US Open: Brooks Koepka is 'unflappable', says caddie Rickie Elliott
As Brooks Koepka sank his final putt on the 18th at Shinnecock Hills to retain the US Open, his caddie Ricky Elliott was already moving in to celebrate.
Koepka is the first man to defend the title in 29 years but his win was even more remarkable because of the wrist injury he overcame to simply take part.
He missed the Masters in April with a torn tendon that threatened his career.
"He's just a real strong mental guy, he's unflappable," said Northern Irishman Elliott.
The day after Patrick Reed's triumph at Augusta, Koepka was given the all clear to begin practising again and his caddie met up with him later that week to assess how much work they would need to do to get back to a competitive level.
"I went down and he was hitting full shots, and he was hitting them right out of the button," said Elliott, who is a former Irish boys' champion.
"I'm going, 'Are you sure you haven't been practising?' He didn't hit a shot for three and a half months, and it looked like he hadn't missed a beat.
"I have no idea how he does it; he's obviously a tremendously talented guy."
In the space of 10 weeks Koepka, 28, had recovered from an injury that left him wearing a soft cast for two months to becoming the first man since Curtis Strange in 1989 to retain the toughest and most uncompromising major on the golfing calendar.
As his player was completing the media duties that come with winning a major title, Elliott praised his mental toughness in an interview with ESPN.
"When he hits a bad shot, he never gives me any grief. He gets on with it," the Portrush native said.
"I mean, to this day, if we hit one over the back [of the green], he'd probably just turn around to me and go, 'Well, I hit that quite a bit hard', which is unusual for a good athlete or player.
"He takes a huge responsibility in what he's doing out there.
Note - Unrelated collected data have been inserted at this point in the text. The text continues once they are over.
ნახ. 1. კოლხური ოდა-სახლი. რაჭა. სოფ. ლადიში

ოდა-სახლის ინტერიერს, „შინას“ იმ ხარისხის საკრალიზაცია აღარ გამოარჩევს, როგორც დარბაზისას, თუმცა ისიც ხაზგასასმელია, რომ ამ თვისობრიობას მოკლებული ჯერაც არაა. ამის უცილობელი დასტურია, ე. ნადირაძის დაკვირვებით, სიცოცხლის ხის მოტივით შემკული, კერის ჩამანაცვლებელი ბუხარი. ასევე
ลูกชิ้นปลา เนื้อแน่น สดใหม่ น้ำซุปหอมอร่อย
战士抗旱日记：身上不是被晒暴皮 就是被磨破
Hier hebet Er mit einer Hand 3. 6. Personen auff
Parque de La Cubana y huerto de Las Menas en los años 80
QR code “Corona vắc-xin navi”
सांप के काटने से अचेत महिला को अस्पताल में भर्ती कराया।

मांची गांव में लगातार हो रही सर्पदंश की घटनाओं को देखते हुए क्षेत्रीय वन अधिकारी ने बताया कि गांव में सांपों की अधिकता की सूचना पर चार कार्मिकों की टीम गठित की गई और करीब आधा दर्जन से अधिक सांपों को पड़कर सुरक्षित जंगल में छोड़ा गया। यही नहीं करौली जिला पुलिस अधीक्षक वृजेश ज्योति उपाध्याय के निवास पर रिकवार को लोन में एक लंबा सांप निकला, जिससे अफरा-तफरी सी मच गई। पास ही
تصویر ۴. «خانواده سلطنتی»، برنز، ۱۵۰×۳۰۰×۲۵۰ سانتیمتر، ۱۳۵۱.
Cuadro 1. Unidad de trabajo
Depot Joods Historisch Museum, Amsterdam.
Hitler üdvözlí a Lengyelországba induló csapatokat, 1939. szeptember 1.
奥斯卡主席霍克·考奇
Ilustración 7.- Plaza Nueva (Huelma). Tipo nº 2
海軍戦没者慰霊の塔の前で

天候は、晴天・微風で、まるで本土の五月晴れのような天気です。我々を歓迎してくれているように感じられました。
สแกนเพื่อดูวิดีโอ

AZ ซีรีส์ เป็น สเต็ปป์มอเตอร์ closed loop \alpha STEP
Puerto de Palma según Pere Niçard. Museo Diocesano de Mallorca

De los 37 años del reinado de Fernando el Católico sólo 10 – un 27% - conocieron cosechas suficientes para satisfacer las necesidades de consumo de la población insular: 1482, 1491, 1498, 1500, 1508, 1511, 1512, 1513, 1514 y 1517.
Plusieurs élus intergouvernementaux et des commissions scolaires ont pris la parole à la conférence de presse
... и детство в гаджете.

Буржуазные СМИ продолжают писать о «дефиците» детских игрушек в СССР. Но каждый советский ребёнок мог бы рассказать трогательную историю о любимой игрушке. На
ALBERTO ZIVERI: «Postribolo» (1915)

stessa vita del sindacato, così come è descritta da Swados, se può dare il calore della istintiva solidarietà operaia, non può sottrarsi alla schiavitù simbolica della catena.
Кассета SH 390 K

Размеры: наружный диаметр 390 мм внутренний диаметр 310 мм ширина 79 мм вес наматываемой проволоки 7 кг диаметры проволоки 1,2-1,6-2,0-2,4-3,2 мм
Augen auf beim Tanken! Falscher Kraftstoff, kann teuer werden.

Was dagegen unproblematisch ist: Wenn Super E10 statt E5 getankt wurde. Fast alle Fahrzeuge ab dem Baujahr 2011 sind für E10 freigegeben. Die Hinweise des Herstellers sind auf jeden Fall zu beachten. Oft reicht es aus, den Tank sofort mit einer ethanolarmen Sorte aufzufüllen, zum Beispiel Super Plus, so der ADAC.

Makes my job very easy."
As a consequence of his second major title, Koepka has climbed five places to fourth in the world rankings.
His victory at Shinnecock Hills was built upon some superb putting, including a clutch bogey on the par-three 11th hole after a wayward tee shot.
"To get that up and down was absolutely massive," added Elliott.
"It's hard to believe that a bogey keeps your momentum going but it kinda did.
"He's been one of best putters on tour and hits it a long way, but his short game is so good."